Data integrity always keeps the promise of data consistency and accuracy of data at cloud storage. Its probabilistic nature and resistance capability of storing data from unauthorized access help cloud users to gain trust for outsourcing their data to remote clouds. It consists of mainly three actors in this scheme: Data owner (DO), Cloud Storage/Service Provider (CSP), and Third-Party Auditor(optional) [39] as depicted in Fig. 1. The data owner produces data before uploading it to any local cloud storage to acquire financial profit. CSP is a third-party organization offering Infrastructure as a service (IaaS) to cloud users.

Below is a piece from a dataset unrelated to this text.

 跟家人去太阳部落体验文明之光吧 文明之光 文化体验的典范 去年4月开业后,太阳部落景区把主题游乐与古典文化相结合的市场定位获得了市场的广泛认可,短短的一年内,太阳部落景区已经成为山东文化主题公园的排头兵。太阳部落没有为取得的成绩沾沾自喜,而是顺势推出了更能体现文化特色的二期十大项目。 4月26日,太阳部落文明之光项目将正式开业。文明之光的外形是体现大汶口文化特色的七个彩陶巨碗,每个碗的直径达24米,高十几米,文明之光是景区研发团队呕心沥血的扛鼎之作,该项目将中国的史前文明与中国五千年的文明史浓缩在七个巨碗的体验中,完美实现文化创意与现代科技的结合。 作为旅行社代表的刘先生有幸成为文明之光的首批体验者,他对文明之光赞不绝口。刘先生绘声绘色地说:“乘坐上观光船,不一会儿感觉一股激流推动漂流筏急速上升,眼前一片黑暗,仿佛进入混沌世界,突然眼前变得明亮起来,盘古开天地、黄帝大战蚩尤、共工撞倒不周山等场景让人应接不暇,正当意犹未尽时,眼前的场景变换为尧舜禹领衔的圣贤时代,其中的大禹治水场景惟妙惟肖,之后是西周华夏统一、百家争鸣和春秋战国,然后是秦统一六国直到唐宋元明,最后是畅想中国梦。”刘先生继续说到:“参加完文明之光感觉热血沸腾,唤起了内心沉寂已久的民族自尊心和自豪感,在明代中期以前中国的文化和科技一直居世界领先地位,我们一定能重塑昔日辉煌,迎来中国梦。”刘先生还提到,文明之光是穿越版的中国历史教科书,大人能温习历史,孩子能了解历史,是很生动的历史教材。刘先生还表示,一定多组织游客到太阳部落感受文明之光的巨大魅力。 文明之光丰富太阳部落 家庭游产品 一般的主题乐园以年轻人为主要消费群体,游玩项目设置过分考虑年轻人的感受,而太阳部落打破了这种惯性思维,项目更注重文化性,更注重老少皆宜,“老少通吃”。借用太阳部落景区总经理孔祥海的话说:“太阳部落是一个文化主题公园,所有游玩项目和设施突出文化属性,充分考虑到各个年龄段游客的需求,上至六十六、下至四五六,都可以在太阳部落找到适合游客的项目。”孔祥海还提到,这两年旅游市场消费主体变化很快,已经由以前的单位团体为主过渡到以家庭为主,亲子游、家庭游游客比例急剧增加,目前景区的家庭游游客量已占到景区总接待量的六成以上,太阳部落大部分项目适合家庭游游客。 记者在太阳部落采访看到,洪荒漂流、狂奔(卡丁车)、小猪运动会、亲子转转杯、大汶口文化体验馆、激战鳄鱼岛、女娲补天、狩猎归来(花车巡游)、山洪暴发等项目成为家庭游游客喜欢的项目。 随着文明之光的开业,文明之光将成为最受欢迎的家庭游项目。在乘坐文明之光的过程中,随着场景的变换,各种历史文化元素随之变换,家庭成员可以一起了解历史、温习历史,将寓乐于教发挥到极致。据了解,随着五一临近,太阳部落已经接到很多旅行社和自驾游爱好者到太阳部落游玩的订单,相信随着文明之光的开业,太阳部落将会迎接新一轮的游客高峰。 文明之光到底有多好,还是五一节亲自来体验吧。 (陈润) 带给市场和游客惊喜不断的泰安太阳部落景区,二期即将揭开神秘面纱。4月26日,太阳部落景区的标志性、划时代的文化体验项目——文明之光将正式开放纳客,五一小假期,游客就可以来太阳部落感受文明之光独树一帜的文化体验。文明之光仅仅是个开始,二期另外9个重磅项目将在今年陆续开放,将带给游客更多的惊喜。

TPA exempts the burden of management of data of DO by checking the correctness and intactness of outsourced data. TPA also reduces communication overhead costs and the computational cost of the data owner [83, 84]. Sometimes, DO ownself takes responsibility for data integrity verification without TPA interference. There are three phases in data integrity strategy described below in Table 2:

  • Data processing phase: In data processing phase, data files are processed in many way like file is divided into blocks [60], applying encryption technique on blocks [90], generation of message digest [87], applying random masking number generation [88], key generation and applying signature on encrypted block [93] etc. and finally encrypted data or obfuscated data is outsourced to cloud storage.

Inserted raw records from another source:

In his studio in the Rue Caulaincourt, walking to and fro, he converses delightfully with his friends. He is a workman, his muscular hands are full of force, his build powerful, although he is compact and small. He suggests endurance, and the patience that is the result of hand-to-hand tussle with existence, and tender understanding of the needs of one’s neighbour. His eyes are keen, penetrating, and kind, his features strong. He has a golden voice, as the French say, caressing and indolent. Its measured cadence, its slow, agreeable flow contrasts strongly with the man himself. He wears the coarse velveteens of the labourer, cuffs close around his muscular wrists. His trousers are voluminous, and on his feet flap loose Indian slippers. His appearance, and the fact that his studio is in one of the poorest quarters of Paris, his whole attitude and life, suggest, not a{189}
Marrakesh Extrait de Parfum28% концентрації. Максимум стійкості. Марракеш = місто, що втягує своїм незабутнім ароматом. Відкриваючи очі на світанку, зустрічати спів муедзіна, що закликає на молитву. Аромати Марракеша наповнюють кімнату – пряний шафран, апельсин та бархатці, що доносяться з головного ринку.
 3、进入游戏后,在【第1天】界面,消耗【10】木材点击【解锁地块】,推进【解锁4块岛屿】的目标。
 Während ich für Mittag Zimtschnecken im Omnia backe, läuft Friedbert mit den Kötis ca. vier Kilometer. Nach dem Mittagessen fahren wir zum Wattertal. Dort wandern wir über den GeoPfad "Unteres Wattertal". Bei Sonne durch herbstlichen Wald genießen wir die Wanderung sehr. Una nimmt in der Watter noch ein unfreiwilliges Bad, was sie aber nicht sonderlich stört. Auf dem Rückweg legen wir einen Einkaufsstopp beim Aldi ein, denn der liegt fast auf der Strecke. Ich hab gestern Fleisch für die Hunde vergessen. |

  • Acknowledgement Phase: This phase is totally optional but valuable because sometimes there may arise a situation where CSP might conceal the message of data loss or discard data accidentally to maintain their image [88]. But most of the research works skip this step to minimize computational overhead costs during acknowledgment verification time.

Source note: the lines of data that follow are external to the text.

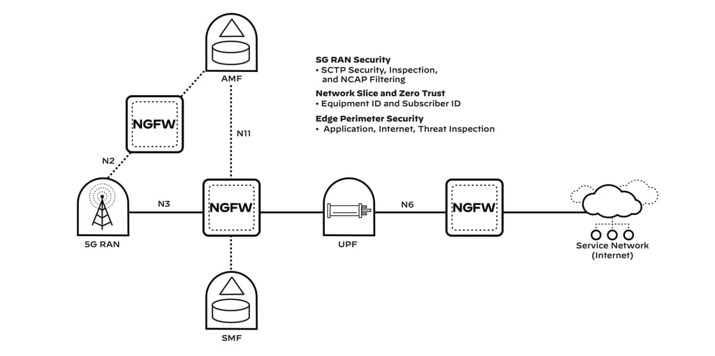 Network slicing enables the multiplexing of virtualized and independent logical networks on the same physical network infrastructure. Each network slice is an isolated end-to-end network tailored to fulfill diverse requirements requested by a particular application. Acting as a segmentation gateway, our NGFW implements granular security specific to each network slice, ensuring security, speed, performance, low latency, and delivery for high-priority traffic. Implementing security policies per network slice allows for microsegmentation of 5G traffic. A testament to its quality, our NGFW meets the National Institute of Standards and Technology (NIST) requirements for a policy enforcement point (PEP) specified in Special Publication 800-207.¹
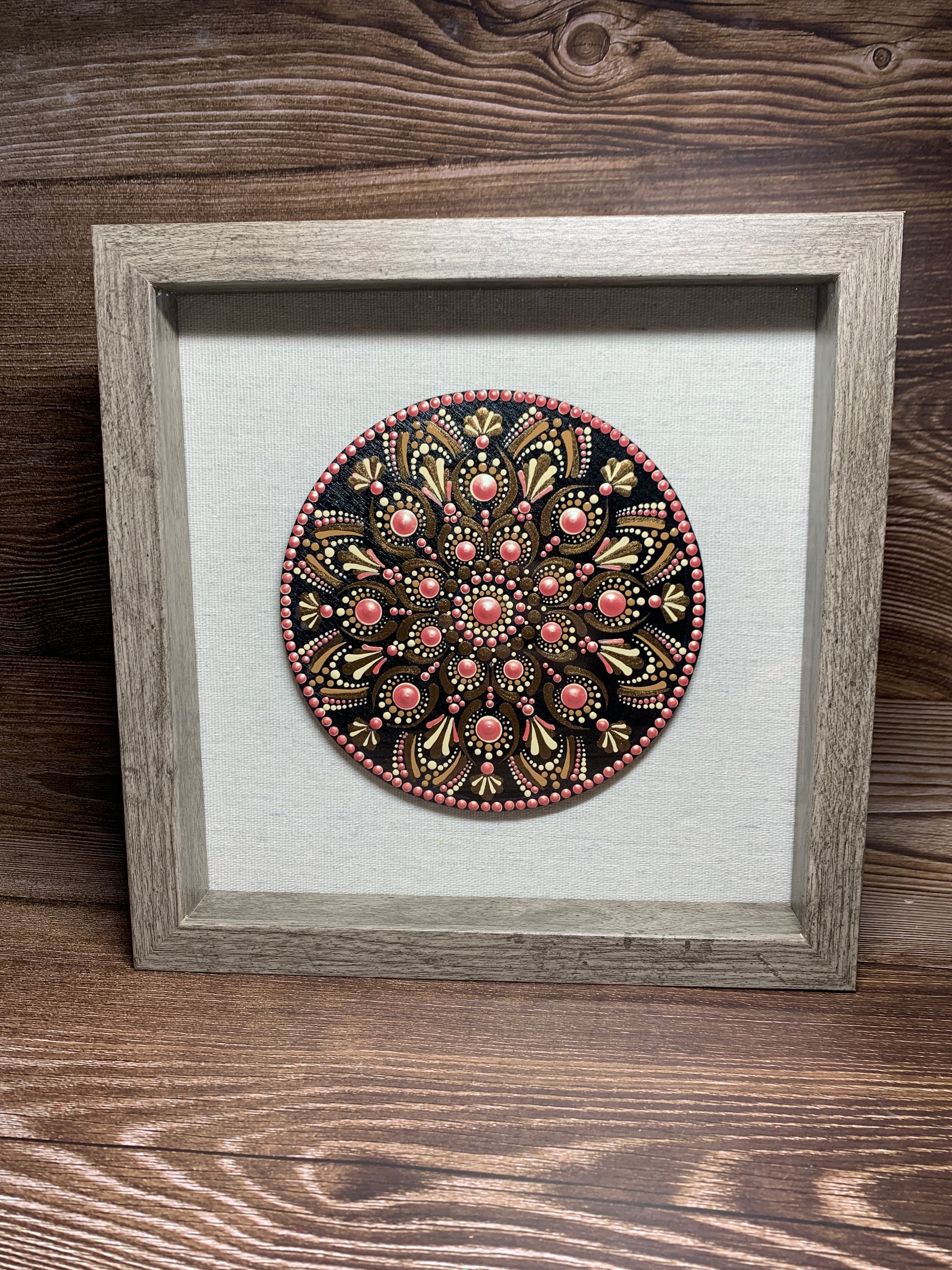 This hand painted dotted mandala was painted on a 6" round wood blank in shades of Pearl Pink, Cream, Tan and Espresso Brown Metallic on a black background, two coats of gloss varnish were added to the finished piece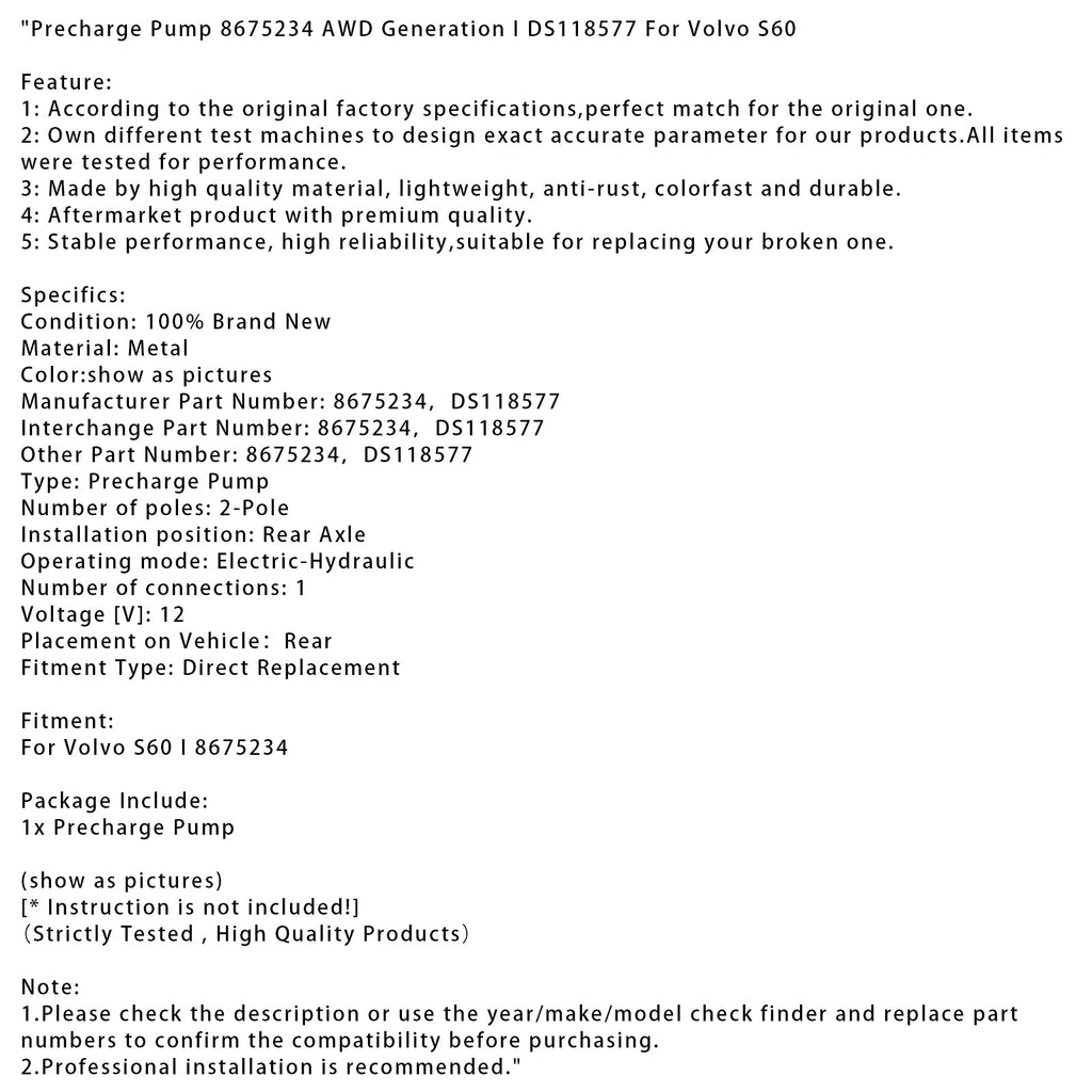 Precharge Pump 8675234 AWD Generation I DS118577 For Volvo S60

  • Integrity verification phase: In this phase, DO/ TPA sends a challenge message to CSP and subsequently, CSP sends a response message as metadata or proof of information to TPA/DO for data integrity verification. The audit result is sent to DO if verification is done by TPA.

Table 2 Classified Phases of Data Integrity Schemes
Fig. 1
figure 1

Entire Cycle of Data Integrity Technique

Classification of data integrity strategy

Classification of data integrity depends on a variety of conceptual parameters and sub-parameters. Table 3 shows all parameters, and sub-parameters with references to give a clear idea about data integrity strategy. The deployment setup of data integrity strategy is dependent on the environment of the proposed system. Clients can store their data in public cloud set up [98], multi-cloud setup [99, 100] or hybrid cloud set up [101]. If data are placed in a public cloud setup, clients lose access control visibility on data due to the outsider data management policy of CSP. As a result, data integrity problems arise because both CSP and public cloud storage are not honest in practical scenarios. Multi-cloud means more than one cloud service, more than one vendor in the same heterogeneous cloud architecture. A hybrid cloud is also a combination of private and public clouds. Hence, in the shared storage structure of multi and hybrid cloud environments, security issues of data integrity is a genuine concern. The guarantee of data integrity scheme can be proposed in two types: deterministic and probabilistic approaches. The performance of probabilistic verification is better than deterministic verification because of its higher accuracy in error correction of blocks without accessing the whole file and low computational overhead [102]. But, the deterministic approach gives adequate accuracy of data integrity whereas the probabilistic approach gives less than data integrity accuracy of deterministic approach [39].

  1. a)

    Type of proposal

    • File level verification: This is a deterministic verification approach. Here, data integrity verification is generally done by either TPA or the client. The client submitted an encoded file to the storage server and for data integrity verification a verifier verified the encoded file through the challenge key and secret key which is chosen by the client [103].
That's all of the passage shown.